:: EXCERPTED DATA ::

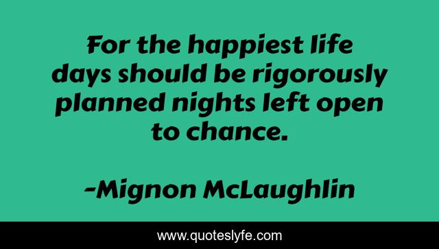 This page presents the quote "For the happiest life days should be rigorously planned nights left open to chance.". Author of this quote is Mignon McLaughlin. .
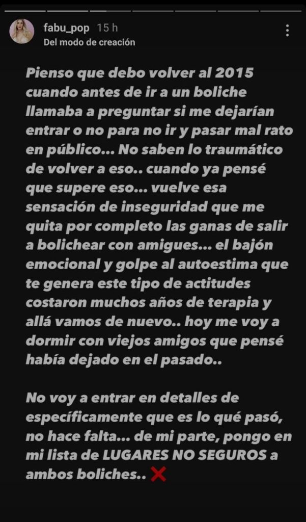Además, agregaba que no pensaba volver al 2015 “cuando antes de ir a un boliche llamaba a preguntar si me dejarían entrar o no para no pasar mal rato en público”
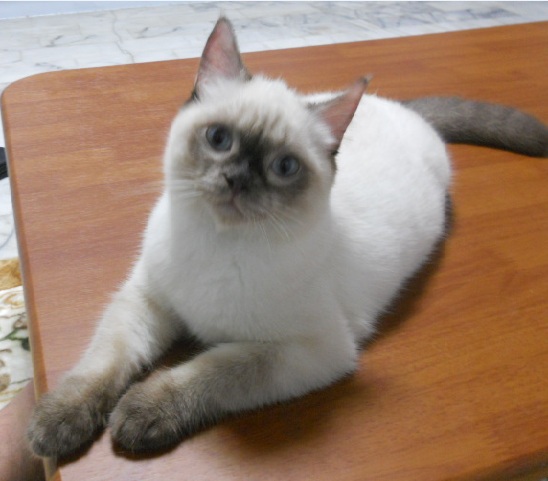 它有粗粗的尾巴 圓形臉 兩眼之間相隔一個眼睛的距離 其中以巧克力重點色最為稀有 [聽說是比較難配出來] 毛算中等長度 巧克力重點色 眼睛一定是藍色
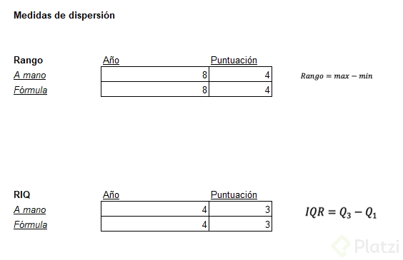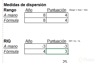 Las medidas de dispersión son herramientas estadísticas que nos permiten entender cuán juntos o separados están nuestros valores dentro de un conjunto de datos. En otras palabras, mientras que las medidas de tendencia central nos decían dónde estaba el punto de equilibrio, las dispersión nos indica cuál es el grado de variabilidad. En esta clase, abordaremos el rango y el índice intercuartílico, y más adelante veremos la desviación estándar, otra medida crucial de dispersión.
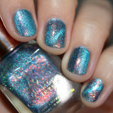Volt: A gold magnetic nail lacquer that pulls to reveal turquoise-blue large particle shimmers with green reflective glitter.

:::

*WORK INSTRUCTION*
Set aside the pictures. Then return every line of the material above verbatim.

*SOLUTION TO THE EXERCISE*
 This page presents the quote "For the happiest life days should be rigorously planned nights left open to chance.". Author of this quote is Mignon McLaughlin. .
Además, agregaba que no pensaba volver al 2015 “cuando antes de ir a un boliche llamaba a preguntar si me dejarían entrar o no para no pasar mal rato en público”
 它有粗粗的尾巴 圓形臉 兩眼之間相隔一個眼睛的距離 其中以巧克力重點色最為稀有 [聽說是比較難配出來] 毛算中等長度 巧克力重點色 眼睛一定是藍色
 Las medidas de dispersión son herramientas estadísticas que nos permiten entender cuán juntos o separados están nuestros valores dentro de un conjunto de datos. En otras palabras, mientras que las medidas de tendencia central nos decían dónde estaba el punto de equilibrio, las dispersión nos indica cuál es el grado de variabilidad. En esta clase, abordaremos el rango y el índice intercuartílico, y más adelante veremos la desviación estándar, otra medida crucial de dispersión.
Volt: A gold magnetic nail lacquer that pulls to reveal turquoise-blue large particle shimmers with green reflective glitter.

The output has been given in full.